[nexus] create read-only disks from images or snapshots #9731

hawkw · 2026-01-27T20:52:36Z

At the time of writing, both Crucible and Propolis have the necessary
machinery to support read-only disks. Propolis can expose a block device
to the guest as read-only, and Crucible VCRs can contain a read-only
flag, which is already necessary in order to support snapshots. However,
the control plane does not know how to create and manage read-only
disks. This branch adds control plane support for read-only virtual
disks.

Theory of Operation

The read-onlyness of read-only disks created by the implementation in
this branch is enforced both at the Propolis level (by making the
virtual block device read-only) and at the Crucible level, by making
the regions themselves read-only. In order to use read-only Crucible
regions to back such disks, all read-only disks are backed by existing
read-only volumes. This way, the regions backing the disk are created
as read-only. If we did not do this, we would need to have a way to
create read-write regions in order to write data to the disk initially,
and then make those regions become read-only, which would be
substantially more complex and require changes in Crucible.

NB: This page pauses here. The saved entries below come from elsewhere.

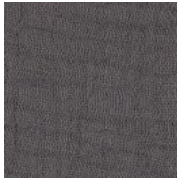
09959.002 DARK GREY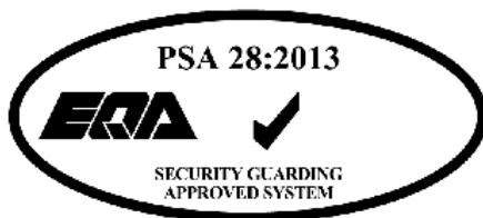
Example 1: Without Certificate Number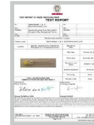
EN 62471 for LED Bulbs

This means that only read-only disks may only be created from existing
images or snapshots, as the read-only volumes backing the image or
snapshot is used as the backend for the read-only disk. Eventually, we
could also support creating a read-only disk by importing blocks
directly, by having the saga create a transient read/write disk, take a
snapshot of that disk once it has been finalized, use the snapshot to
create a read-only disk, and then delete the temporary read/write disk
and snapshot. I didn't do this here since it didn't really seem that
useful --- you could just upload a project image, instead, and then you
can use it to make as many read-only disks as you'd like. On the other
hand, it probably never makes sense to allow creating a read-only blank
disk, since...well, you could never make it not be blank. While we could
make such a disk service reads BLAZINGLY FAST, most Unixes already
come with such a block device in the form of /dev/null, and it's
probably unnecessary to let you make your Oxide distributed disk version
of /dev/null.

Virtual Resource Accounting

Note that creating a read-only disk currently requires a disk_create
saga, but it's a very small one. Since the read-only volumes always
already exist, we don't actually need a saga to create the new
read-only disk --- it's really just something that exists exclusively in
CockroachDB and doesn't require actually creating new Crucible regions
out there in the Real World. Most of this database work is done in a
transaction, since it's all just in CRDB. However, currently, we must do
virtual resource accounting for every read-only disk, and the current
virtual provisioning CTE was a bit annoying to hack up into something
that can run in that transaction, so we just make a saga that does the
virtual resource accounting in one saga node, and then does "everything
else" in another one.

With that said, it's actually pretty stupid for a read-only disk of
size s to require s bytes of the storage quota, since...it's really
just a pointer to the volume that was already provisioned for the source
image or snapshot, and any number of read-only disks can be created from
that same image or snapshot without actually storing multiple copies of
the data on a physical disk. The only overhead is the handful of
database records representing the read-only disk and its VCR. So, in an
ideal world, we wouldn't count them against the quota. But, currently,
deleting such a disk will release virtual storage, so if we didn't
allocate it when creating them, there would be an unfortunate quota
leak. @jmpesp and I discussed this a bit and we agreed that if and when
we implement the physical storage accounting described in RFD 639,
this should all change so that the physical disk space is allocated
once, by the image/snapshot, rather than repeatedly by each read-only
disk. But for now, the current behavior of allocating virtual storage to
each read-only disk is unfortunately correct.

Other Notes

While adding tests for this change, I made some changes to the
resource_helpers::create_disk_from_snapshot function in order to

allow passing the read_only flag to the params::DiskCreate it
constructs, and,
to always use the correct size of the parent snapshot for the child
disk.

This necessitated a diff that touched basically all the other tests that
used that function. Sorry about that, those changes should be trivially
ignorable in code review.

common/src/api/external/mod.rs

nexus/db-queries/src/db/datastore/disk.rs

jmpesp · 2026-01-27T21:00:17Z

nexus/db-queries/src/db/datastore/disk.rs

+            if let Some(sub_err) = sub_err.take() {
+                err.bail(
+                    Error::from(sub_err)
+                        .internal_context("failed to checkout snapshot volume"),


could we do something with InlineErrorChain here and the other spots that have the sub err?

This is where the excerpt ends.